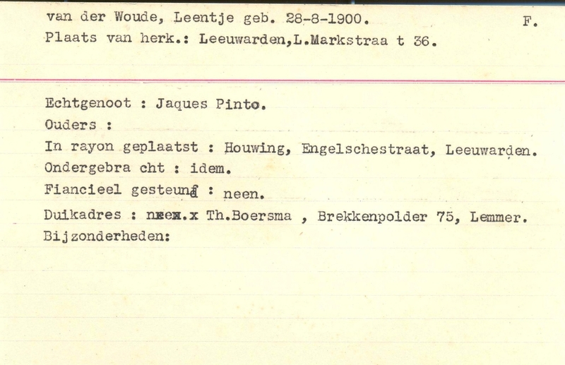 Onderduikinschrijving van Leentje van der Woude
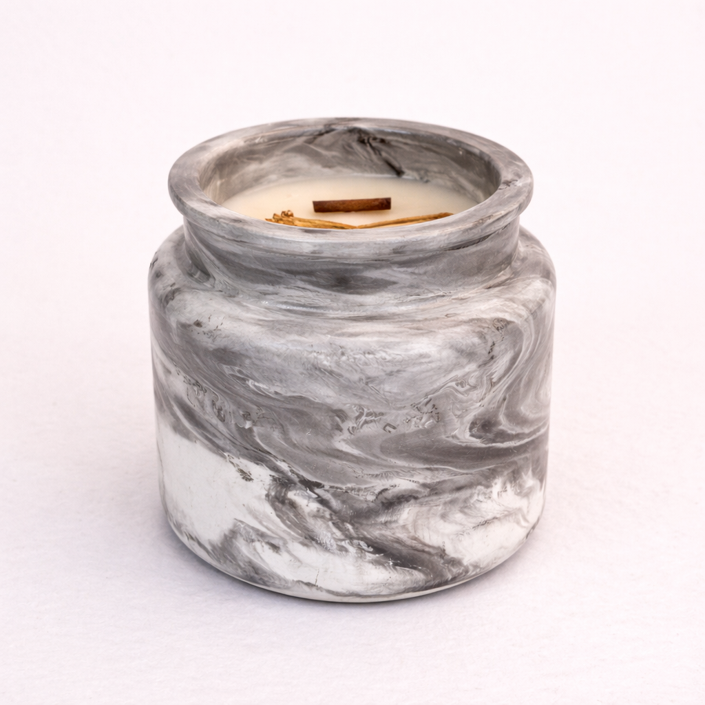 Una pieza artesanal creada para aportar luz cálida, aroma y un detalle decorativo elegante. Elaborado a mano en Jerez de los Caballeros, España con cera de soja 100% vegana, sin parafina. Portavelas/soporte artesanal de yeso hecho a mano (según diseño). Formato: 90 g. Medidas aproximadas: 8 × 8 × 9 cm.
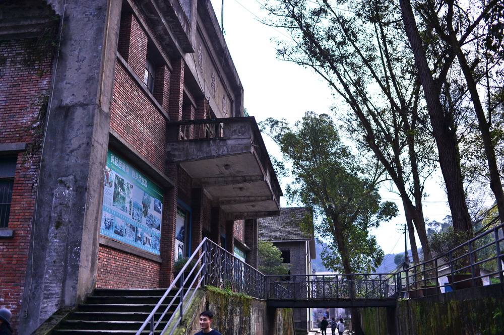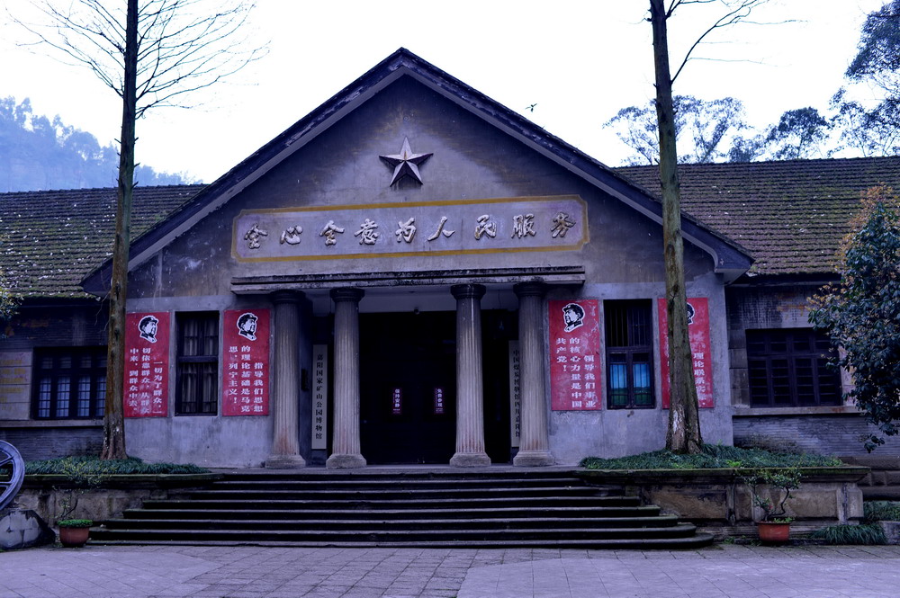 沿芭沟车站旁的石阶下去,两侧是依山坡而建的一排排矿工宿舍,高大的梧桐树下,苏式的、英式的小楼掩映在树荫里,一座看似当年的煤矿办公楼,门框上用水泥雕刻着五角星及“全心全意为人民服务”五个大字,现在是嘉阳煤炭博物馆;对面体量最大的苏式大会堂,便是小镇的中心;会堂一侧是东方红广场,目测有一个加大的足球场那么大,可见当年嘉阳煤矿鼎盛时期人数之多。

▶ _To do_
Print the material exactly as given, but not the pictures.

▶ _Task solution_
 Onderduikinschrijving van Leentje van der Woude
 Una pieza artesanal creada para aportar luz cálida, aroma y un detalle decorativo elegante. Elaborado a mano en Jerez de los Caballeros, España con cera de soja 100% vegana, sin parafina. Portavelas/soporte artesanal de yeso hecho a mano (según diseño). Formato: 90 g. Medidas aproximadas: 8 × 8 × 9 cm.
 沿芭沟车站旁的石阶下去,两侧是依山坡而建的一排排矿工宿舍,高大的梧桐树下,苏式的、英式的小楼掩映在树荫里,一座看似当年的煤矿办公楼,门框上用水泥雕刻着五角星及“全心全意为人民服务”五个大字,现在是嘉阳煤炭博物馆;对面体量最大的苏式大会堂,便是小镇的中心;会堂一侧是东方红广场,目测有一个加大的足球场那么大,可见当年嘉阳煤矿鼎盛时期人数之多。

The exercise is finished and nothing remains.